You seem to be insinuating that people don’t just buy up housing and sit on it, like that’s not a phenomenon that exists because you can’t fathom why, despite my last comment clearly outlining several reasons how it could happen, and more importantly the fact that it does actually happen.

  1. Monopolies in certain areas. Your response? "They can move"
  2. Holding onto vacant rent controlled apartments to force people into more expensive units. Your response? “It wastes money” (untrue, in this situation it makes more money, which is why it happens in the real world).
  3. There are 16 million vacant housing units while we have half a million homeless people. Your response? Nothing, I guess those people’s interests aren’t as important as preserving the right for housing scalpers to hoard unused property.
Nevoic, (edited )
@Nevoic@lemmy.world avatar

You can’t tell someone they’re being pseudo-scientific and then accuse them of being adversarial as if you’re not.

I wasn’t using circular reasoning, I was citing data. 90,000 rent controlled housing units in NYC are left vacant (this number has been rising).
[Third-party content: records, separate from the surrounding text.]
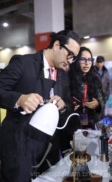 2024年1月6日,在中國(普洱)咖博會上,墨西哥咖啡師正在調(diào)制咖啡。
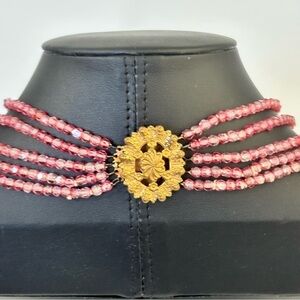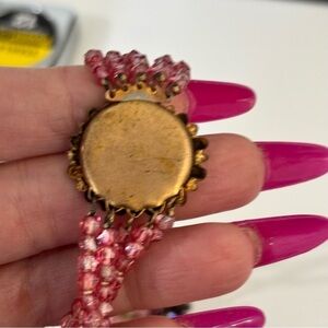 Vintage pink glass crystal, rhinestone lace memory wire unique design
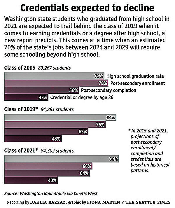 Soon, around 70% of jobs in Washington state will require some education beyond high school. Yet the rate of homegrown high school grads earning credentials here is on the decline, a new report says.
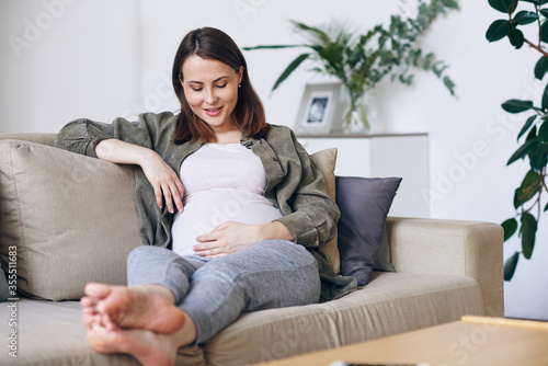 pregnant, woman, sofa, indoor, sitting, female, lifestyle, adult, smiling, living room, people, relaxation, mother, home interior, young adult, anticipation, happiness, cheerful, one person, casual clothes, beautiful, eltern, comfortable, beauty, new life, domestic life, brown hair, missy, holding, cute, love, house, portrait, joy, avocation, resting, day, adults only, apartment, enjoyment
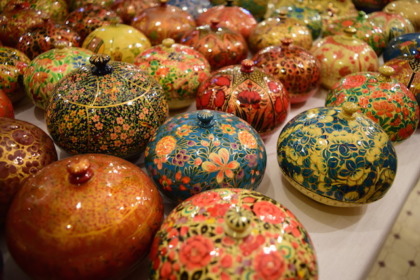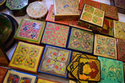 紙を水でぐちゃぐちゃねとねとにして、固めて、乾かして、色づけする、カシミールの工芸品。

As we both understand, “individual” (either actually an individual or a corporation) capitalists act in their own best interests. They’re not leaving these apartments vacant for years just because they want to fuck over poor people, they’re doing it because they make more money off their other supply if these units are kept off the market.
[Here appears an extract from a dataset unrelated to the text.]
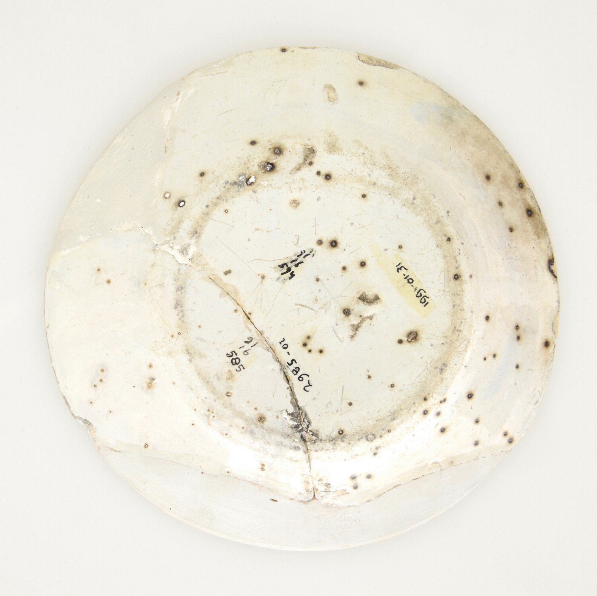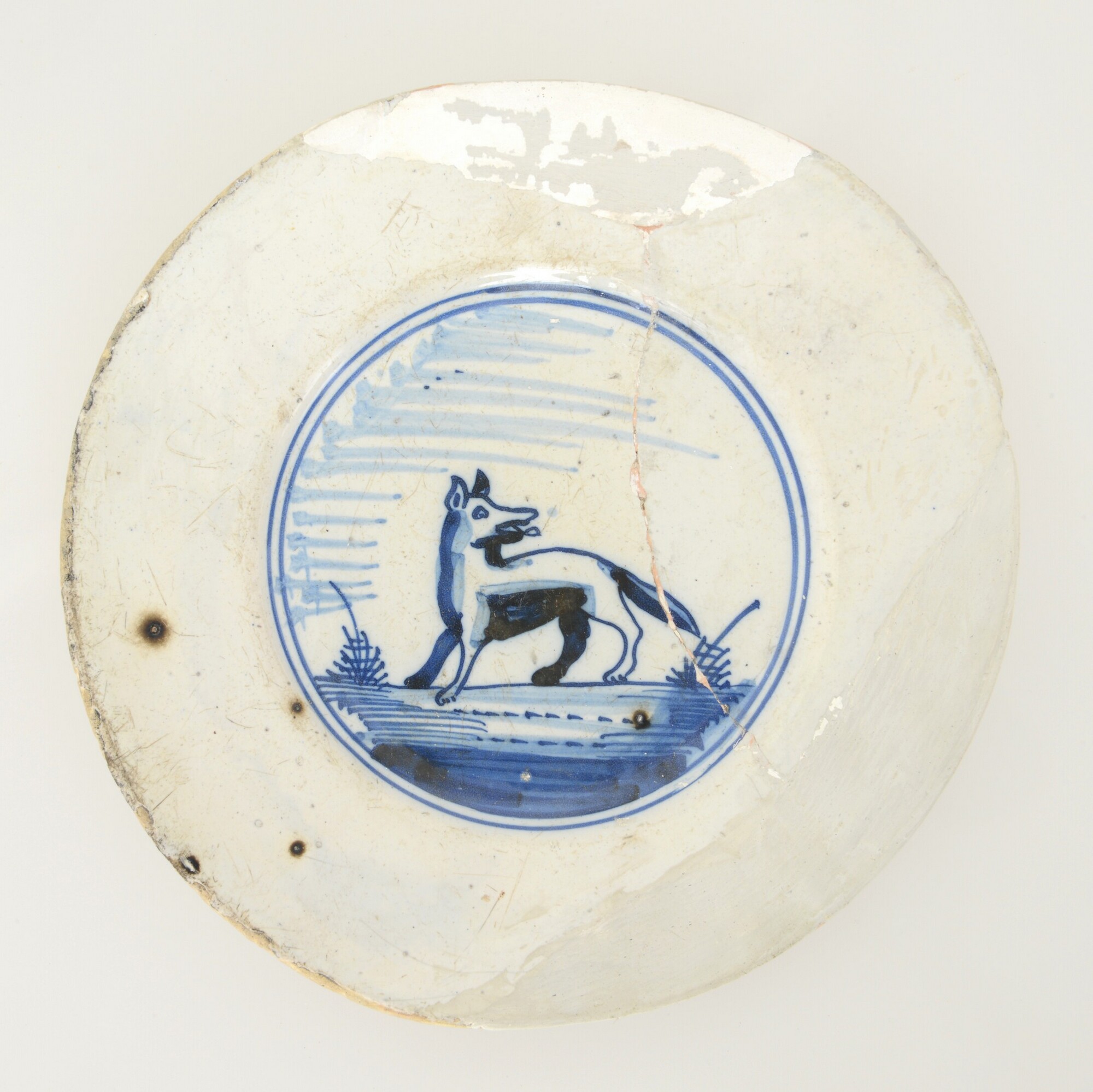 Bord; f-bor-; faience; tinglazuur; blauw, standvlak; spiegel: vos in landschapje; AWP-code: 1991-01-31

If you don’t want to feel like you’re spouting alt-right talking points, stop using verbatim the talking points that capitalists use to defend housing scalpers. At best, your entire point is “housing scalpers aren’t as big of a deal as this other problem”, and at worst you’re ignoring the real problem so capitalists can keep exploiting the housing market.

You haven’t made a case in favor of housing scalpers, and for good reason, there’s literally no case to be made for them. The capitalist position is that scalping houses isn’t a big enough problem to have an effect on supply. Even if that were true (which would require 16 million housing units being vacant having no impact on housing supply), it doesn’t mean that it couldnt be true in the future. What if the number rose to 30 million vacant units with the same population? Or 100 million? Or a billion? At some point it gets ridiculous. To me that’s pretty clearly when you’re at “we have 30x as many vacant houses as homeless people”, but maybe your tolerance is much higher because homeless people aren’t economically valuable to capitalists (except as a reserve army of labor).